# Dragon's hoard



## moustress (Sep 25, 2009)

When I get artsy craftsy, you can never know what I'll do. These were made over a period of about five years before my arthritis got too bothersome. They consist mostly of styrofoam balls, sequins, and pins with a little bit of this and that thrown on for accents.

Many of these have two faces with different designs in similar colors, and I change the way they hang from year to year, and sometimes from day to day while the tree is up.

I was taking them down from the tree, and decoded to take pix while they are still in pretty good condition. Folks used to get these as presents sometimes, but now that's rare, as I haven't made any in about five years. I have enough for my little table top tree, with maybe one or two to spare.


----------



## Laigaie (Mar 7, 2011)

Was there supposed to be a photo in there?


----------



## moustress (Sep 25, 2009)

Look now; I pressed the post button by mistake. 

The cones were made in my family's kitchen from the white pines that grew in front of our house. They are gone, but maybe someday these seeds will find a place to grow.


----------



## The Boggit keeper (Mar 5, 2010)

Lovely! you are talented Moustress  I don't know but they look like they take quite a while to do, I think I'd find coming up with different designs the hard part :lol:


----------



## Rhasputin (Feb 21, 2010)

They're lovely! I have a little kit that makes a mural out of sequins, never thought of making balls!

They're really beautiful, you're very talented!


----------



## moustress (Sep 25, 2009)

Thank you all very much! 

It was a process of learning what could be done; in a couple of photos you see one with very little coverage that was the first try. It was supposed to be a tree topper, but when I was done I realized that the styrofoam, nice though it was, wasn't as nice as the pretty shinies. So I did another that I actually use as a tree topper. It's shown in the second picture, nestled in among the others with opalescent pipe cleaners forming the rays of a four pointed star. And, as I sort of have lived by the dictum that anything worth doing is worth overdoing, there you have it. A whole pile of 'em.

I just sat down with the materials each time and formed a picture in my mind, which more or less worked itself out on the styrofoam, though there were many, many turns of the mind that altered what was done as I went through the building process.
Some of these were put together in an hour or so, a few took many hours. The last few were done in 2003, I think. I still have some of the materials, and am tempted to use them up, but that may have to wait until I can retire, if that day ever comes.

Honestly, I have oodles of art training, and I'd do nothing but that and writing and mousing if I had the leisure to to so.

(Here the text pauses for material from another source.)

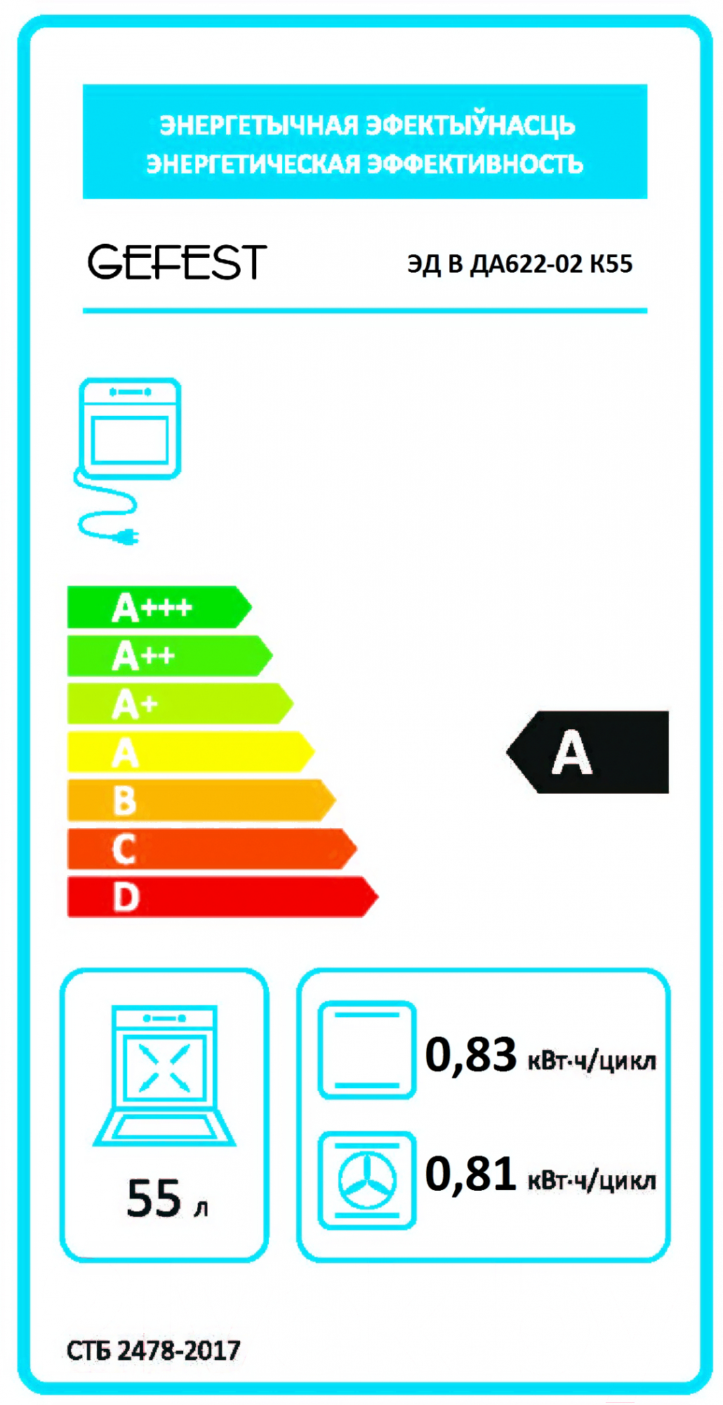 Электрический духовой шкаф Gefest ДА 622-02 К55; Тип: электрический духовой шкаф; Установка: независимая; Объём: 55 л; Очистка: ручная; Класс энергопотребления: A; Управление: электронное; Максимальная температура: 250 °C; Количество режимов нагрева: 5

Oh, who am I kidding; I'm going to keep doing lots of things until I can no longer move a finger. I'm one of those folks who just can't sit idle while awake. Having a laptop computer keeps me from getting up and doing other things that would be Way Too Much Fun considering the consequences. Mousing suits me because it does not involved any repetitive motions and gives me just the right balance of bending, stretching, etc. The laptop keyboard is just the right size for my hands to be propped on the spaces next to the touchpad, acting like a wrist rest.

One does what one can.


----------



## tinyhartmouseries (Dec 30, 2010)

These are pretttttttty!!!!!  I made one in grade school but it was all one color. May I ask how much you were able to sell them for? I know how long they take...


----------



## moustress (Sep 25, 2009)

I never offered them for sale. I have sold some drawings and paintings in the misty past. I'm afraid folks wouldn't be able to pay me what these are worth, as each took at least an hour, for the ones that use beading on wire, braid, and pre-strung sequins or all large sequins. The others took at least a couple of hours. I have thought of trying to sell them, but who would pay $50 to $100. for an ornamental ball? Maybe on Rodeo Drive...but then I'd be in California...EWWWW!!!


----------



## WoodWitch (Oct 18, 2009)

They're great moustress :love1

I love craft work, how I wish I was good at it :lol:


----------



## moustress (Sep 25, 2009)

Thanks.


----------



## AyJay658 (Jan 15, 2012)

I really love the green one!


----------



## jadeguppy (Jun 4, 2011)

Very nice.


----------